Reducing the number of primary shards from the default 5 to 1 (see Sharding for details)
Use Index Templates to simplify creation of new indices with the desired settings and mappings.
Use Index Aliases to:
Make it possible to change a mapping and reindex to a new index without changing your client, with no downtime.
Create filtered aliases to create a view to a subset of an index
Create aliases that point to multiple indices.
AWS Recommendations
The recommended AWS instance type is i3.2xlarge because it has locally attached 1900 GiB NVMe SSDs, which means the disk access will increase the overall ES performance.
Another good practice is to distribute the nodes across multiAZ, and use shard allocation awareness to ensure that each shard has copies in more than one availability zone. Do not span a cluster across regions. Elasticsearch expects that node-to-node connections within a cluster are reasonably reliable and offer high bandwidth and low latency, and these properties do not hold for connections between regions
If networking is a bottleneck, avoid instance types with networking labelled as Moderate or Low.

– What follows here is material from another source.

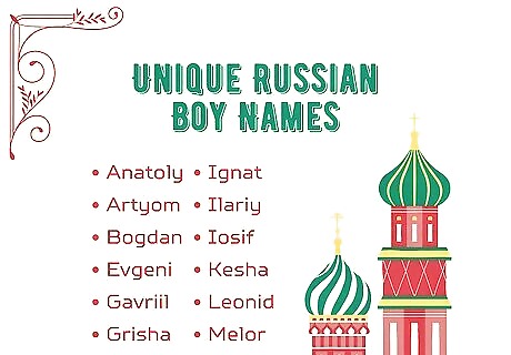 Pick a unique name you don’t hear often. Some Russian names, like Dimitri and Nikolai, are popular outside of Russia. If you want something a bit more unique, however, try to dig a little deeper. Here are some names you may not be as familiar with if you aren’t from Russia: Anatoly (meaning: “from the east, rising sun”) Arseni (meaning: “virile, strong”) Artyom (meaning: “safe, healthy, strong”) Bogdan (meaning: “gift from God”) Evgeni (meaning: “well-born, noble”) Gavriil (meaning: “man of God”) Gleb (meaning: “God, inheritance, legacy”) Grisha (meaning: “watchful, vigilant”) Ignat (meaning: “fiery”) Ilariy (meaning: “cheerful”) Iosif (meaning: “God increases”) Kesha (meaning: “innocent”) Leonid (meaning: “lion”) Melor (meaning: “iron man”) Miroslav (meaning: “peace, glory”) Nikandr (meaning: “victory of man”) Nikita (meaning: “unconquered”) Orel (meaning: “light of God”) Pavel (meaning: “small”) Rodion (meaning: “song of the hero”) Todor (meaning: “gift of God”) Vadim (meaning: “attractive”) Yasha (meaning: “supplanter”) Yevgeniy (meaning: “well-born”) Zhivago (meaning: “life”) Not sure if you’re having a boy or a girl? Check out our “Russian Girl Names” article for some feminine options!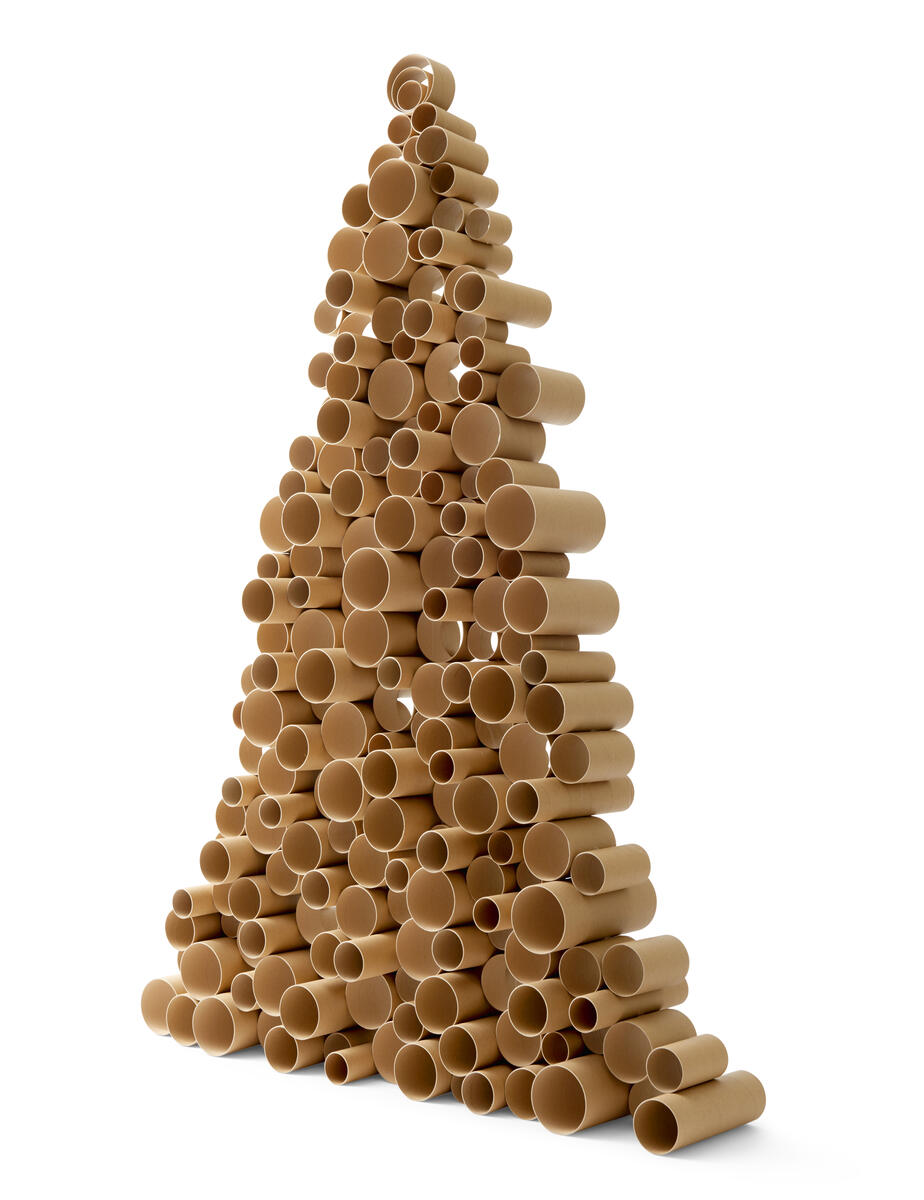 Lim pappruller/doruller på hverandre i juletreform.

Consider enabling termination protection for all of your data and master-eligible nodes.
Sharding
Data in ES is organized into indices. Each index is made up of one or more shards. Each shard is an instance of a Lucene index.
A Lucene index is a self contained search engine that indexes and handles queries for a subset of the data in an Elasticsearch cluster. This means each shard has an overhead in terms of memory, CPU and file handles.
As data is written to a shard, it is periodically published into new immutable Lucene segments on disk, and it is at this time it becomes available for querying.
Choosing between one node and 10 shards or 10 nodes each with a shard makes no difference at the Lucene level. But having the wrong design can lead to performance issues on the long run.
From the domain perspective, if the information can be split logically and evenly, then maybe splitting in multiple indices makes more sense.
If deletion is required, it is easier and faster to delete an entire index.
For searching, aliases can be used for increasing the response performance(ex. by entity_id).
From ES the recommendation of a shard size is in 10s of gigabytes. This means if data is less than that, then having a single index shall be preferred.
For ensuring a good health of the ES cluster, the recommendation is to keep the number of shards per node below 20 per GB it has configured. This means that a node with a 20GB heap should have maximum 400 shards. Better the have the number bellow this value. Too many shards can kill performance.
Use 1 primary shards for all indices and implement rollover index using Index Lifecycle Management.
IML - Index Lifecycle Management
Spin up a new index when an index reaches a certain size or number of documents
Create a new index each day, week, or month and archive previous ones
Delete stale indices to enforce data retention standards
Index Lifecycle Stages:
Hot—the index is actively being updated and queried.
Warm—the index is no longer being updated, but is still being queried.
Cold—the index is no longer being updated and is seldom queried. The information still needs to be searchable, but it’s okay if those queries are slower.
Delete—the index is no longer needed and can safely be deleted.
Resiliency
Avoid data loss and enable quick recovery by using Snapshot and Restore.
Snapshots are incremental, and can be saved to Amazon S3, HDFS, shared filesystem, …
Disable deleting indices via wildcard.
Disable automatically adding new fields to index mapping by setting dynamic mapping to false or strict.
Monitoring
Monitoring can be put in place with Logstash, Beats and Kibana.
Use watchers for alarming in case of exceptional situations, e.g. index grows too large or disk space runs low.
A watch’s actions define what to do when the watch condition evaluates to true. You can send emails, call third-party webhooks, write documents to an Elasticsearch index, or log messages to the standard Elasticsearch log files.